For these reasons, most experts believe a reintroduction will aid the population in the Houston area for only one or two seasons.

"They will be a little more common for a couple of years," said Richard Peigler, a silk moth expert from San Antonio who holds a doctorate in entomology from Texas A&M University. "But I don't believe Cecropia is going to exist in more numbers after large numbers are put out."

Peigler believes pockets of Cecropias still exist in Houston, likely in some suburbs. But even if they were to become extinct, Peigler said, it wouldn't likely be detrimental to the environment.

But Spicer, a native of England whose world seems to revolve around moths, is undaunted. His latest plan is a natural extension of a hobby he began as a child, when he would collect moths and flatten them between the pages of encyclopedias.

Even now, he has the nocturnal insects pinned up in shadow boxes that surround his dining room. A crayon drawing of metamorphosis by his 6-year-old daughter proudly hangs on the kitchen cabinets. He met his wife, Kimberly, at the Cockrell Butterfly Center. Their dog, Luna, is named after a moth.

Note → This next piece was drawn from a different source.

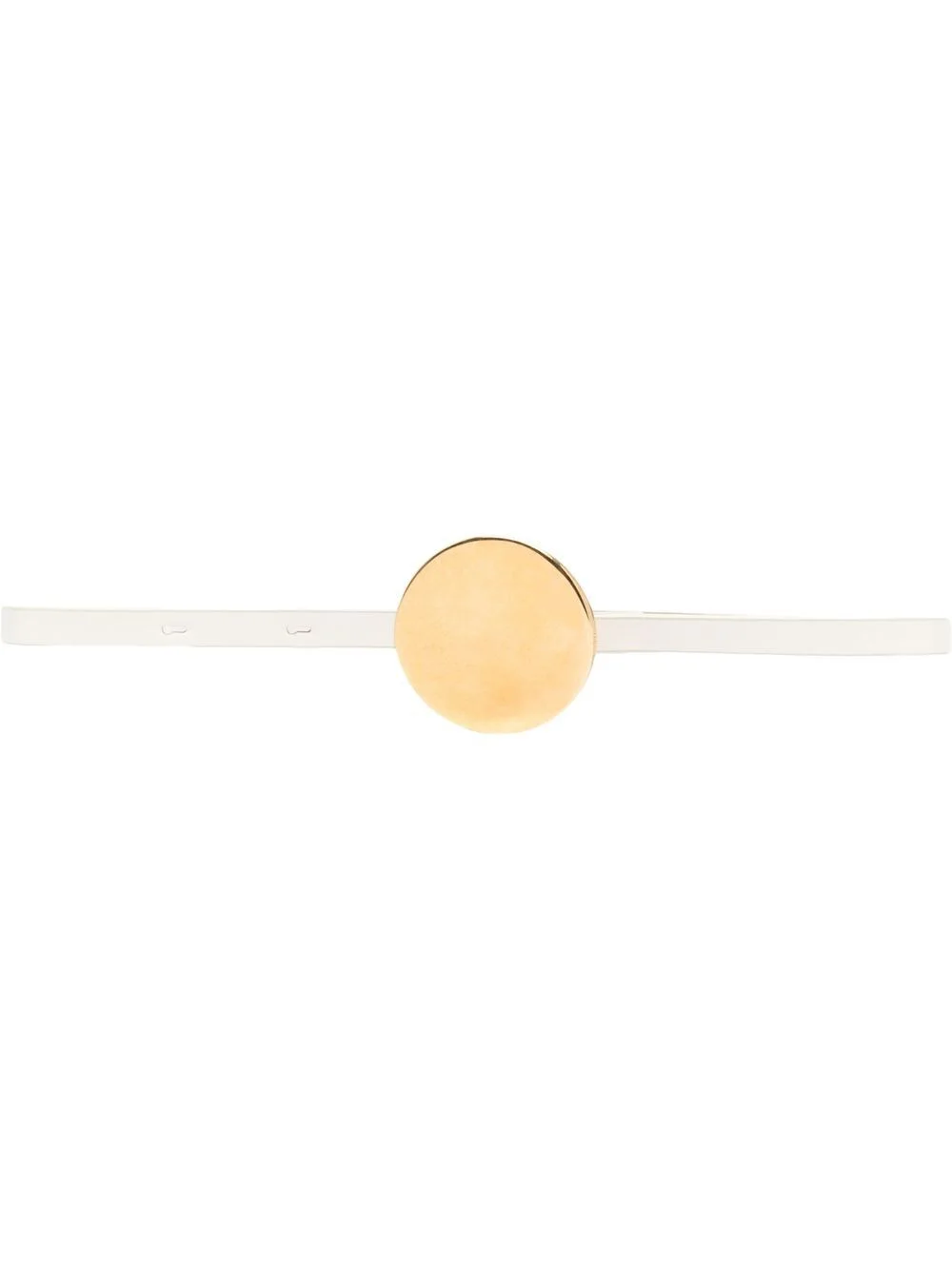 disc-detail leather belt off-white calf leather gold-tone hardware disc detailing punched holes adjustable fit Imported Composition Calf Leather 100% SIZE & FIT Measurement Maximum Length 37.4 in(95 cm) Minimum Length 25.59 in(65 cm) WIDTH 0.39 in(1 cm)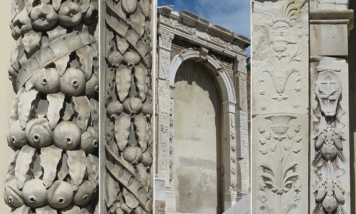 Giorgio Orsini mainly used leaf motifs to decorate his buildings, but towards the end of the XVth century other patterns prevailed. Fruits were believed to have a more symbolic religious content, in particular pomegranates, symbols of suffering and resurrection.

In his back yard, dozens of real-life cocoons wiggle in a wood-frame box, where bright green caterpillars munch on an oak branch. Grown-up moths -- some as big as human hands -- lazily flutter about in suspended cages.

His dream is to see them back in the wild.

"It's an opportunity to bring something back that was lost," he said. "Something that most people didn't know was lost."

Even if he fails in his larger goal, he may have an impact nonetheless.

"Whether he is going to be able to bring back the moth to earlier population levels is an open question," said Mike Quinn, an entomologist with the Texas Parks and Wildlife Department. "But he is raising people's awareness. People that witness the life cycle of a moth will never look at an insect in the same way again."